Sparsifying Knowledge-Graph Using Target Information

Sparsifying knowledge graphs for supervised tasks, using PMI to remove irrelevant edges; with concrete example using medical data

Published in

Towards Data Science

9 min readMay 5, 2024

Generated at deepai.org — “Medical Knowledge Graph” — generated at deepai.org

The following is a simplified snippet from a research project I conducted while working at Microsoft Research, under the guidance of Professor Elad Yom-Tov.

Prerequisites: Familiarity with supervised machine learning and a basic grasp of Knowledge Graphs, including their utilization in Feature Engineering.

TL;DR

You have a Supervised ML task, predicting a target variable y from high-dimension binary feature-space, and you want to utilise a knowledge graph where each node represents one feature.

The problem is that the knowledge graph is dense. Specifically, there are many irrelevant edges (anecdote: Wikipedia overlink crisis).

The trick: Assess the relevance of each edge by measuring Pointwise Mutual Information (PMI) between its occurrence and the target variable. Eliminate edges with low relevance. Voilà!

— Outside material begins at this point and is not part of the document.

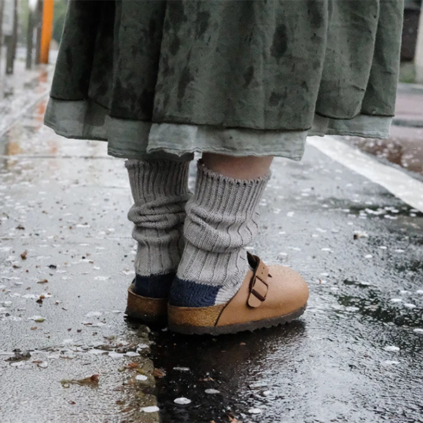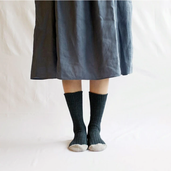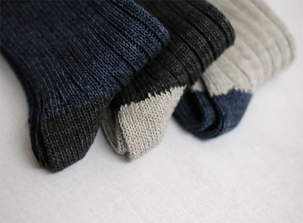 Made from 100% virgin cotton, an environmentally-friendly fiber. This material gives that worn-in comfort and look that maximizes with wear. They took the extra fine cotton fibers called virgin cotton, that remain after yarn is produced and ran it through a specialized spinning machine to create this special yarn. These socks are unique in the way that the more you wear them, the more “worn-in” it looks — just like a pair of vintage jeans. To add even more character to these socks, Nishiguchi Kutsushita used a special dyeing technique called speck dyeing which involves sprinkling dye capsules and steaming the thread, forcing the capsules to burst and create random specks of color.

Now, let’s move into the details.

First off, in the first chapter we will explore the need of graph sparsification. In Chapter 2 we’ll make it concrete using an example from the medical domain. Then, in the final chapter, we’ll delve into the core topic: graph sparsification using PMI. Enjoy!

First Chapter: The Need

Graphs and specifically Knowledge Graphs (KG) are ubiquitous. The technology is ripening with the advances in both Graph DB infrastructure and with the theoretical ML tools (e.g. Node Embeddings).

A critical challenge when working on Knowledge Graph in the real world is — and in my humble opinion forever will be — density. Even algorithms with polynomial complexity might fail on dense graphs. Looking into the future, if the hardware will advance - the future Knowledge Graphs will increase both in number of nodes and in number of edges. [Moreover, I predict and hope that in this arms race we will gradationally see hierarchical hypergraphs and other monstrosities joining the game.]

The strength of KGs is the fact that they hold complex connections in large domain of knowledge, e.g. all the medical knowledge or all the known astronomical objects, and therefore you can use them to enrich simpler features, for instance, if your features are very sparse, e.g., very rare medical conditions, they can be enriched by “neighboring” pieces of information from the graph.

The enormity comes with a drawback: Knowledge Graphs are often too large. In addition to computational complexity, there is another essential issue here. KGs cover everything in the domain and therefore most of the information is irrelevant to your specific target. In other words, they have over sensitivity (aka coverage/recall) — and therefore low specificity (aka precision). You might say that this is a common tradeoff in ML; what’s special in graphs? The answer is that in typical real-world KNs the degree distribution is heavy-tailed with huge “hubs”, i.e., nodes with extremely high-degree, namely, nodes with many edges. You might be familiar with the effect of such hubs in social-networks and physics (“six degrees of separation”) and in Graph Theory perspective (diameter of random graphs) — in our context this means that a small number of such hubs drastically reduces the distance between most nodes in the graph and therefore takes any signal in the graph and rapidly diffuse it all over the graph, muting any subtler piece of information that might be relevant to your specific objective.

To be concrete, in the next chapter, we will describe the a use-case we worked on and then, in chapter 3, we will describe a method overcoming the density problem for supervised tasks by removing irrelevant edges. Feel free to jump to the 3rd chapter.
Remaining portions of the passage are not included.